# nintendo wii u vs xbox 720 vs ps4



## tripplej (Oct 23, 2011)

I don't have a gaming system but will most likely purchase one by end of year or by start of next year.

I am so confused as to what to get..

nintendo wii u 
- Available November 18, 2012
- A $299.99 basic set; which contains the console (with 8 GB of memory), cables, and the touch-screen Wii U gamepad, all in white; or a $349.99 deluxe set, all in black, which also comes with a stand for the console, a charging cradle for the game pad, and a copy of the new game NintendoLand.
- TVii which is their smart tv options on the wii U

vs 

xbox 720 
- is rumored for a release date in 2013
- Has Microsoft’s Kinect

vs 

ps4 - 'Orbis'
-is rumored for late 2012
- Has PlayStation Move

Or should I just hold out till the ps4 and xbox 720 show up??


----------



## tonyvdb (Sep 5, 2007)

I think it really depends on the kind of gaming you like to do? If you have younger kids and are concerned about some of the violence in games the Wii has always been the platform for family friendly games. The Sony and X-Box cater much more to the shoot and ask questions later minded


----------



## tripplej (Oct 23, 2011)

tonyvdb said:


> I think it really depends on the kind of gaming you like to do? If you have younger kids and are concerned about some of the violence in games the Wii has always been the platform for family friendly games. The Sony and X-Box cater much more to the shoot and ask questions later minded


Thanks for the info. Wii U it is for me then since my kids are the ones going to play with it.


----------



## bxbigpipi (Feb 2, 2012)

Hey triplej I think you should wait until the new consoles are out. If you definitely need something soon I hear the the wii will be priced at around $129 for a bundle. Maybe that can hold you over until the new consoles come out. Unless you just buy one of the current ones.


----------



## asere (Dec 7, 2011)

tonyvdb said:


> I think it really depends on the kind of gaming you like to do? If you have younger kids and are concerned about some of the violence in games the Wii has always been the platform for family friendly games. The Sony and X-Box cater much more to the shoot and ask questions later minded


Agree! Wii or Wii U is geared more for kids. Gotta have it if you love Mario!


----------



## tripplej (Oct 23, 2011)

I am not in a hurry to get one. Kids played the wii at a friends house and of course they want it now.
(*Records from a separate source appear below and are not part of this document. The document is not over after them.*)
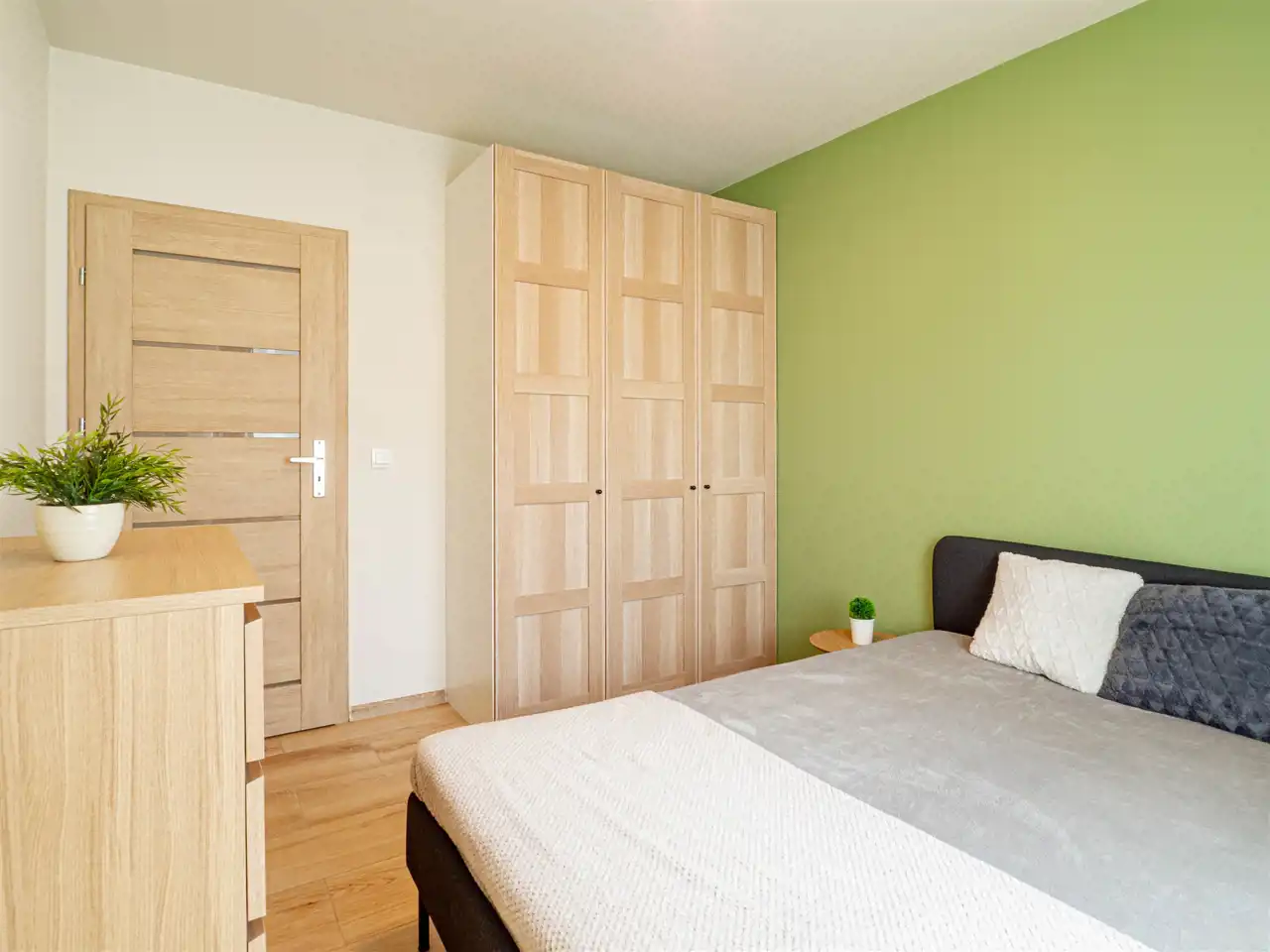 - przytulnej sypialni z łóżkiem podwójnym, szafy w zabudowie do przechowywania odzieży oraz komody,
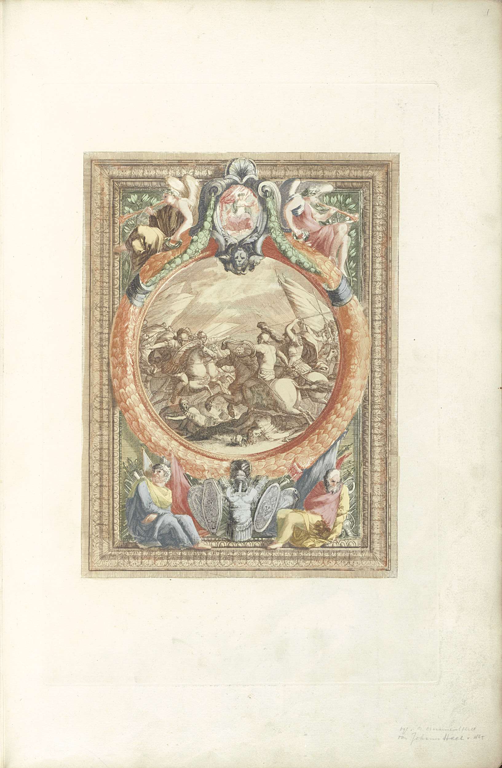 Ruitergevecht in ornamentele omlijsting
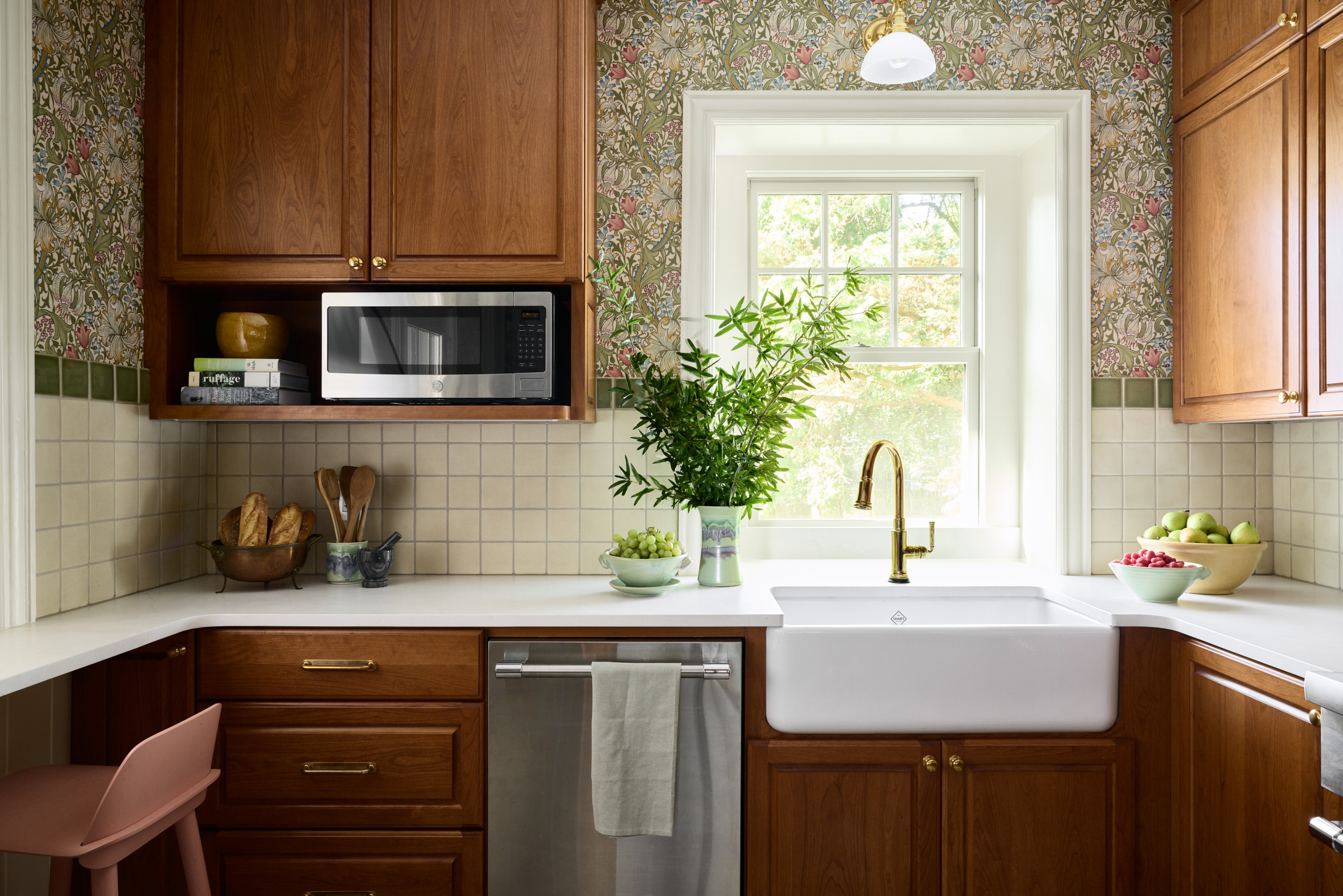 To give the room a sense of place, Lewis introduced lush floral wallpaper in pink and green tones. “To reflect the age of the home, we chose a wallpaper to give character from the Arts and Crafts era,” he says. “When working in historic homes in Mount Airy, we want to ensure kitchens feel functional, comfortable and fit the style of the home.”
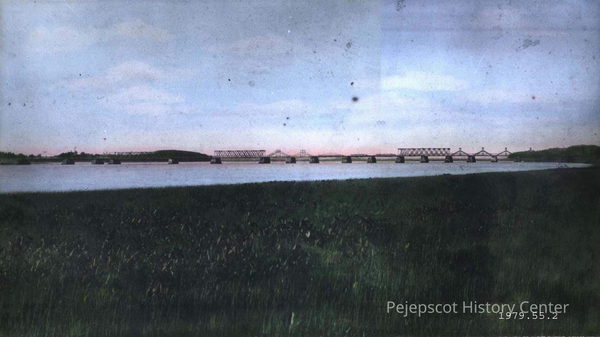 A colorized photograph of Bay Bridge over Merrymeeting Bay, Brunswick, ME.
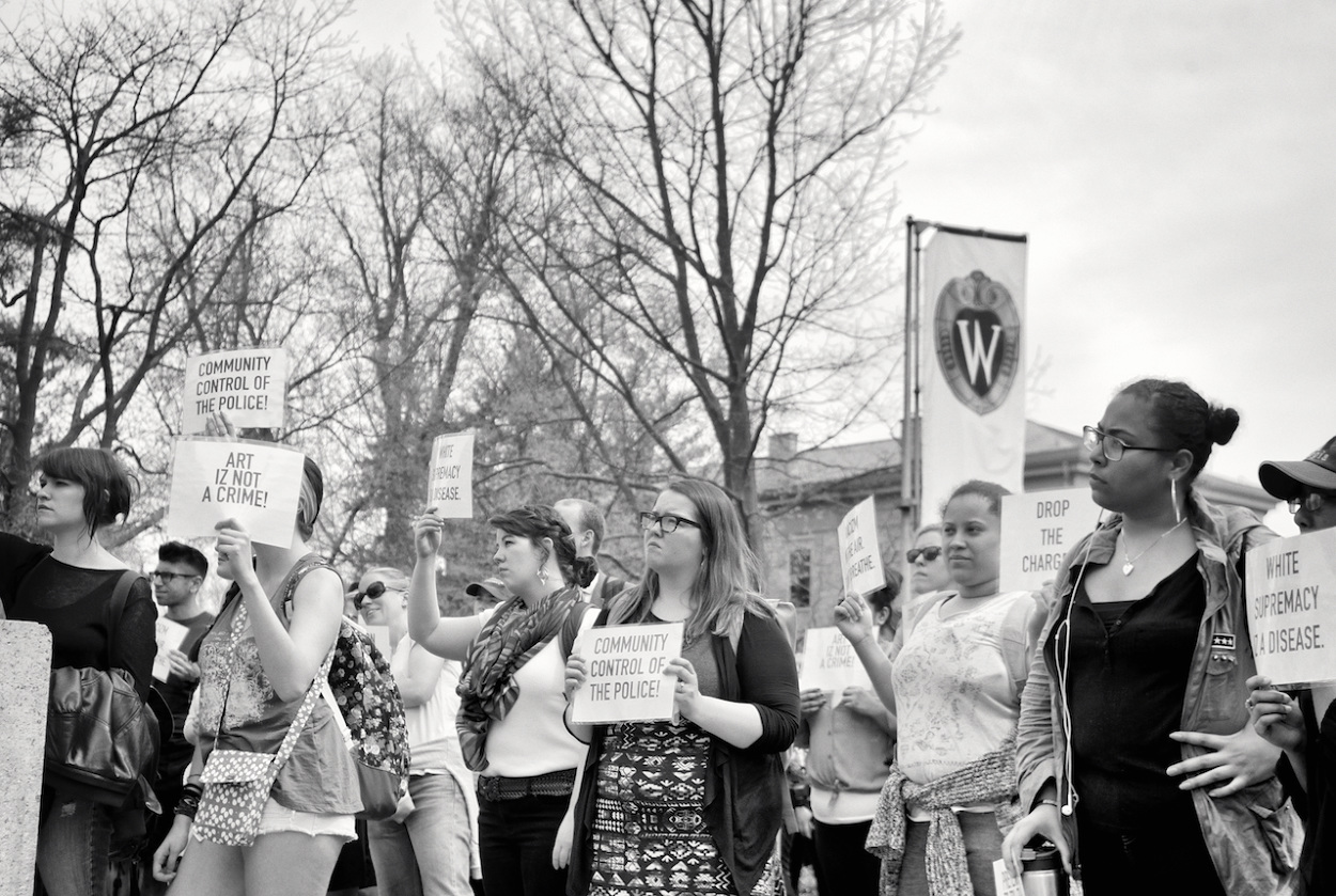 “At the same time King was taken out of his classroom by UWPD (11:30am), we will be walking out of our classrooms to stand in solidarity with him and to organize against the anti-Black racism that has plagued our campus historically and contemporarily. We will be delivering our demands to the Chancellor and UWPD and need student support. We have to let them know that there are consequences for perpetuating white supremacy.”

I told them either xmas holidays or early next year.

I just want something we all can enjoy but initially it will be for the kids.
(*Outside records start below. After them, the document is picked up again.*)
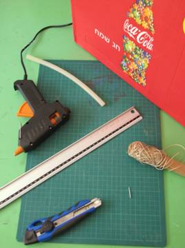 אקדח דבק חם או דבק פלסטי (נוח ומהיר יותר לעבוד עם דבק חם, אבל מי שחושש או שאין לו יכול להשתמש גם בבדבק פלסטי).
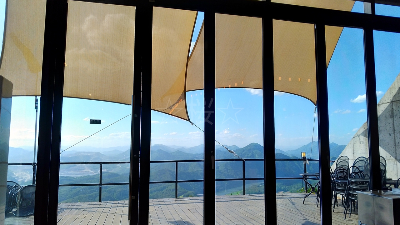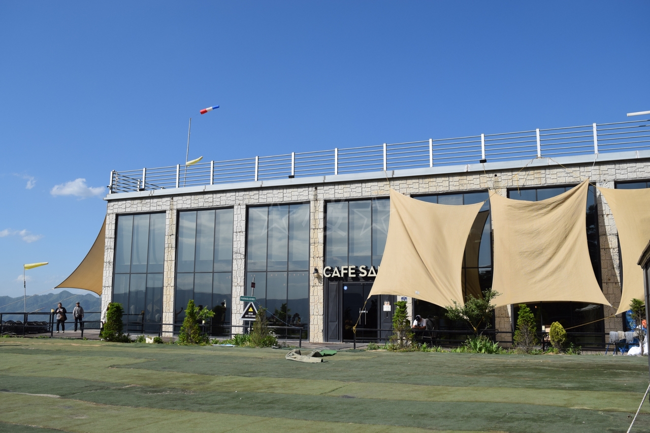 パラグライダーの出発地となる山の上にあり、丹陽江を見下ろすことが出来る眺望の良いカフェです。
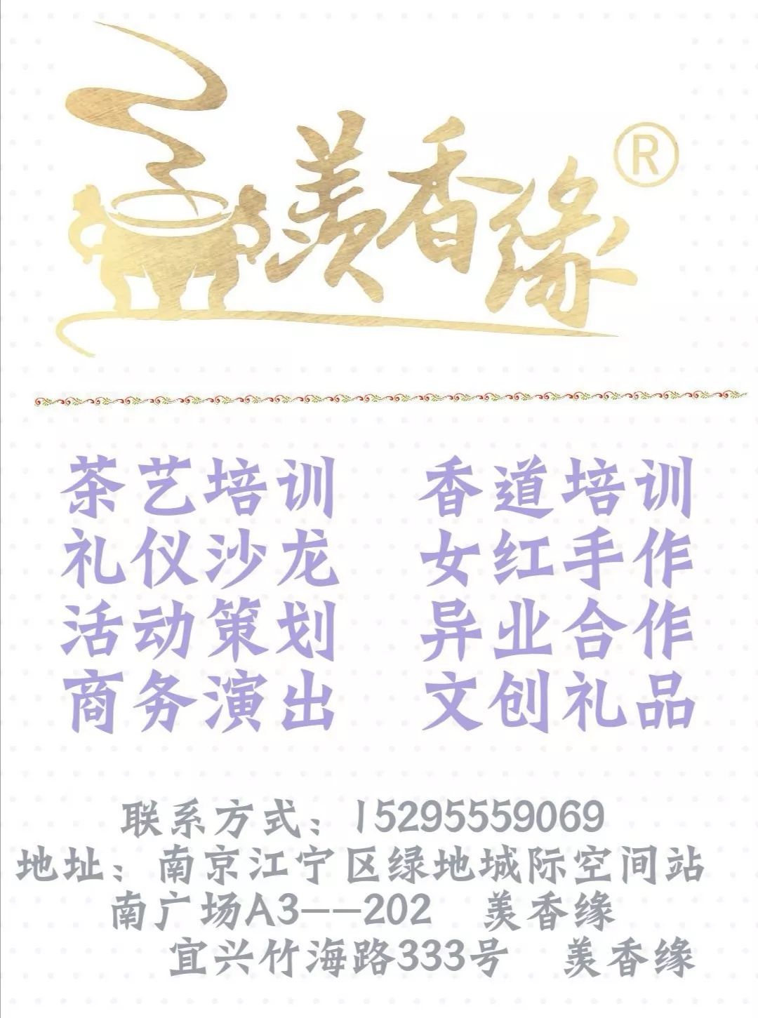 秉承“香以载道,以茶会友”的理念,将中华传统雅文化运用创新思维“在传承中求发展”致力于原创节目编创,传统文化培训,品牌产品研发,雅集活动策划。开设有:职业香道师、国家级茶艺师、少儿茶艺考级、少儿香艺考级等培训班及资格认证;宋人四艺、女子雅修、茶艺香道表演、手机摄影、形象设计等课程,已不同程度参与了全国天香使者香艺师大赛、第四届南京茶博会、上海全民饮茶日等大型文化交流活动的筹备与策划。我们静待志同道合之友人共赏茶事,同习香艺,为复兴中华雅文化尽一丝绵薄之力

Let me wait and see what happens xmas holiday time. 

thanks all.


----------



## Ares (Nov 23, 2009)

I will have to agree with rest of the guys that the wii u is geared more towards kids and families vs X-box and Sony which have more mature rated games.


----------



## tripplej (Oct 23, 2011)

Very interesting. no wonder everybody I know who have small kids have wii and all the single guys have PlayStation or xbox. lol.

Makes more sense to me now.. 

Till now, I thought they were all the same..


----------